Week Ahead: 4

1/30 Sketch 3: Visual Note Taking
4 2/1
  • Hillary Chute, “Comics for Grown-Ups” from Why Comics?: From Underground to Everywhere
  • Stitches — “I was fourteen” (157-242)
  • Scott McCloud Making Comics, chpt 1
  • Stitches — “I was fifteen” & “A few years ago I had the following dream. In the dream I was a boy of six again” (243-329)
2/6 Sketch 4: Combophoto

I hope that those of you who are traveling to return to campus are doing so safely and without too much tumult and stress. I look forward to seeing you all in person on Tuesday for our next class.

We’ll meet in the Callaway Building room S103 (here’s a link to that building on the official Emory map and here’s a link to that building on Google maps). Note that the Callaway Building is kind of confusing — it used to be two different buildings that were combined together and that history lives on in the room numbering. The S in the room number means it’s on the south side of the building so our classroom is in the section of the building that is located right along the quad, not on the side of the building that is closer to the Modern Languages building, Tarbutton Hall, and beyond those over to Woodruff gym (rooms on that side of the building are marked with N for north).

In the meantime, you should be creating your visual notes for sketch 3 this weekend. We’ll talk a bit about the upcoming combophoto assignment in class this week.

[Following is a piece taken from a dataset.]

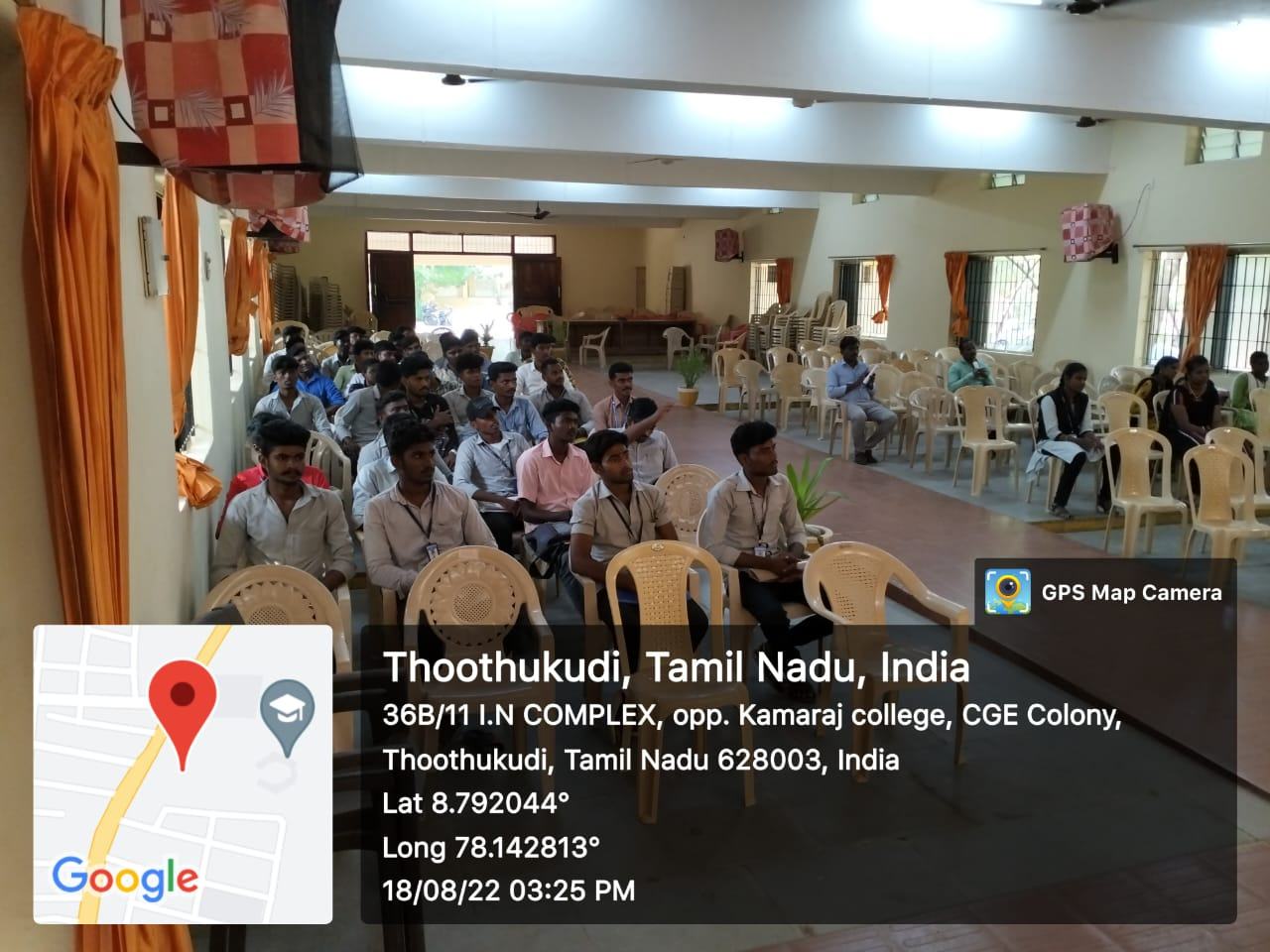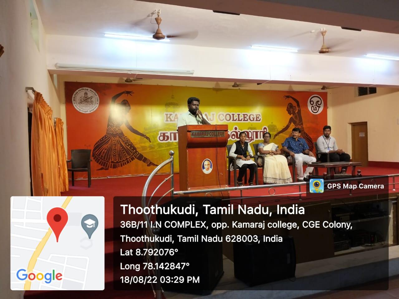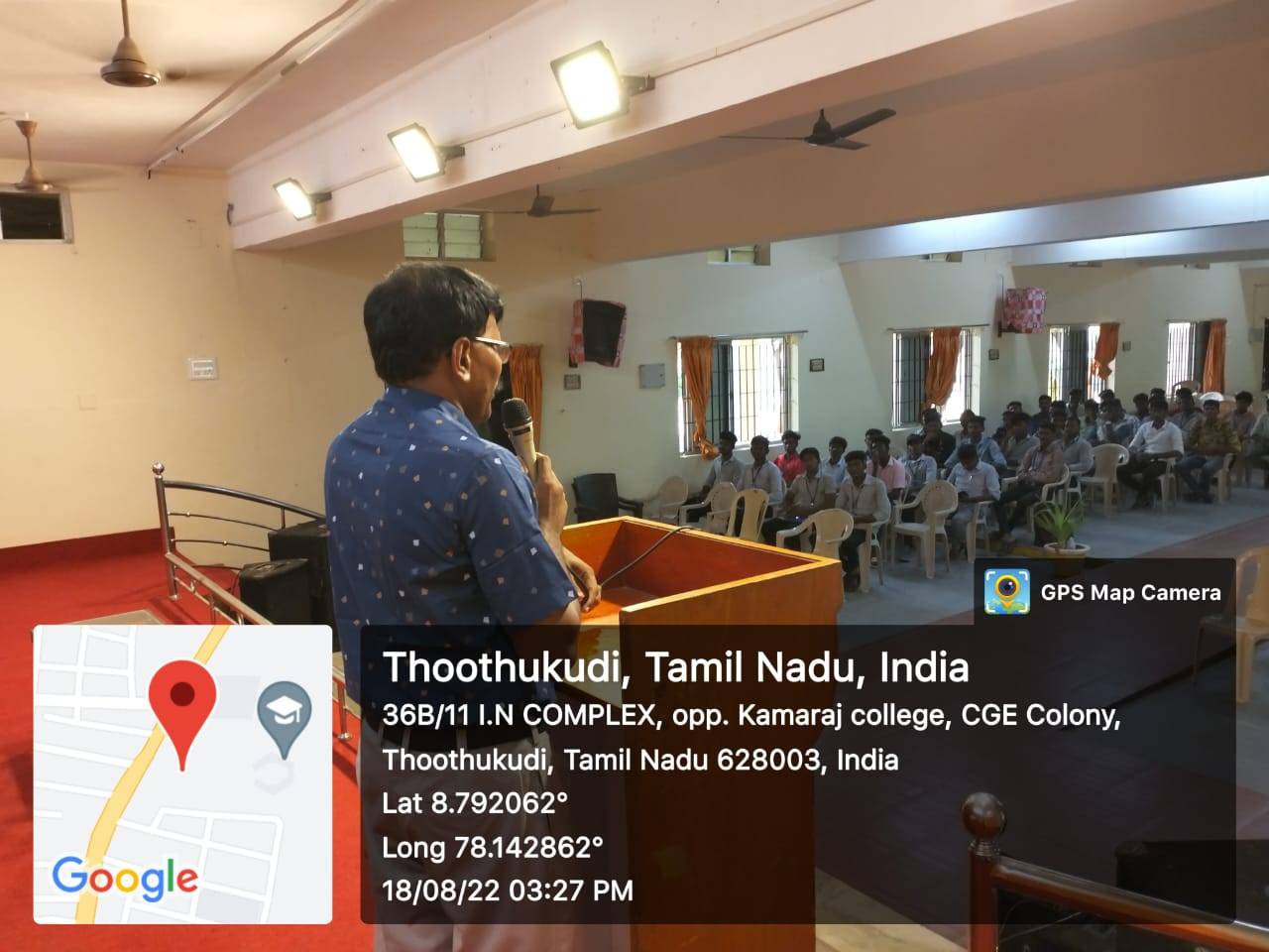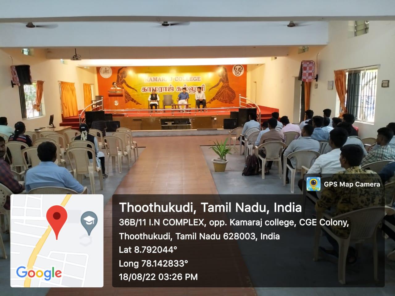 The placement cell of Kamaraj College organized the Police Training Programme on August 18,2022 in Kamarajar Kalvi Arangam. The session started at 3 pm with Tamil Thaai Vaazhthu. Dr. A. Devaraj, Placement Coordinator welcomed the gathering. Master of ceremony was skillfully done by Ms. Yogavalli of III BA criminology. Dr. J. Poongodi Principal in-charge & Dr A. Arunachala Rajan vice principal motivated the students to crack the police exam. This programme was very useful to the students. Finally the vote of thanks was given by Mr. J. Alangara Ashok, placement Coordinator(SF) who organised the event. The programme came to an end with the National Anthem.

For Tuesday, you have a short chunk of Stitches to read. We’ll spend a lot of class on Tuesday discussing Hillary Chute’s chapter “Comics for Grown-Ups.” Chute is probably the foremost academic authority on comics these days — she’s the Distinguished Professor of English and Art + Design at Northeastern University in Boston and has published six volumes of criticism on comics as a medium. The first twenty pages of her article provide a very useful overview of the history of comics with lots of useful information in it. But in class on Tuesday, we’ll focus most of our attention on the last 10 pages of the essay, the section called “Reading Comics,” which provides us key terms and a theoretical framework for understanding how comics works and how to read and analyze them.

We’ll spend most of Thursday diving back into Stitches. Scott McCloud’s Making Comics should be really useful for you as you begin to think about revising your literacy narratives into comics literacy narratives. We’ll spend a bit of time talking about it, especially paying attention to the 5 aspects needed for clarity in your writing, but mostly I see that chapter as a resource for you as you go about designing your own comics that doesn’t really need to be unpacked in class discussion. If you have questions about the text, then please do raise them though.